# Thermaltake Bigwater 760i



## t_ski (Sep 11, 2007)

Thermaltake's new BigWater 760i watercooling kit is an affordable and compact solution to users who are are afraid of the cost or the complexity of a full kit. It is easy to install, so even less experienced people can get their feet wet with watercooling.

*Show full review*


----------



## WarEagleAU (Sep 25, 2007)

Excellent review as always tski. I love the price and performance of this, but for some reason, my load on my koolance is about 20 degrees less than what you all show :-/. Anyways, for 100 bucks, its an awesome Cpu cooler.


----------



## Urlyin (Sep 25, 2007)

Nice Pics T ... good job


----------



## t_ski (Sep 25, 2007)

That's the Koolance Exos in your system specs, right?  That's a triple rad IIRC and you're running it on an AMD chip, so you should be getting much better performance.  The Bigwater 760i only has a single 120mm rad, plus room temps for my test setup run at about 25 degrees C.  Add to that how much hotter the Intels run when you OC them, and there's a huge difference.


----------



## freaksavior (Sep 25, 2007)

my air setup gets that good cooling. nice review though!


----------



## Sasqui (Sep 25, 2007)

Great review.  For the money, it looks like a great "entry" level watercooling setup.

I love the quick-connect couplings... I put them in my koolance rig.  Like you point out, gotta be careful with any fluid left in them when disconnecting but for upgrades and cleaning, they are so worth it.  Slightly OT - If anyone is interested in them - look here: http://www.usplastic.com/catalog/category.asp?catalog_name=USPlastic&category_name=6917&Page=1

This is what I got:






Cons are:  A little pricey, impinge flow slightly.


----------



## OnBoard (Sep 25, 2007)

Good review and nice pics (although one more would be needed for under the radiator to show space between it and bottom)

One problem I see in there, that the radiator pushes all hot air behind the reservoir and in to the case. Wouldn't that heat the water over ambient over time?

Other problem would be, that I have 2 DVD drives, so there wouldn't be that much room under the radiator for hot air to escape. Is it designed so that it doesn't need the extra room? Sure you could put it in the lowest 2 spots (on mid tower), but then it would be pushing the hot air to HDDs and mixing with the intake air.

Did you measure how much the ambient temperature rose? Maybe less than with intel boxed cooler, after all the radiator can't be hotter than water and that can't be as hot as the CPU ?)  But nice watercoolerthingy!

Also how much extra coolant were there and how long would it last? And could the block be used as a GPU block, or is it so wide that mounting holes get covered?

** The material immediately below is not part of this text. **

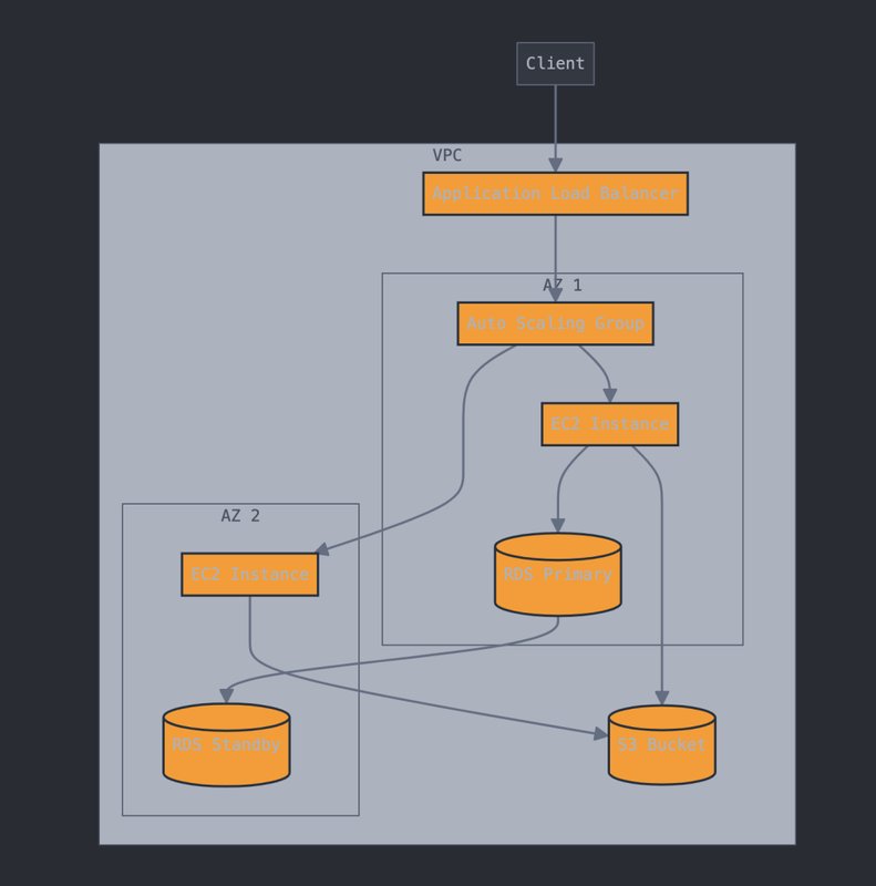 Claude: Yes, I can create AWS architecture diagrams using Mermaid. Here's a sample showing a typical web application setup. Would you like me to modify it or create a different architecture diagram?

If I were to go water and wouldn't have just got Ultima-90, this would be a high contender, as I have no 12cm system fan place in case, like some of these use. Good price, easy installation and with a proper fan still ok performance and quiet operation?

Question time with OnBoard


----------



## t_ski (Sep 26, 2007)

I would have to double check, but IIRC there is about a half inch or so below the rad to the bottom of the unit.  This forces air out toward the back of the unit and it does flow into the case.  The internal case temperature can rise if the hot air is not exhausted properly, however that is the case with any kind of cooling.  For the location in the case, you should do your best to install the 760i in the second or third bay from the top in your mid-tower to make sure the air bubbles will rise up to the unit and not get trapped in the block.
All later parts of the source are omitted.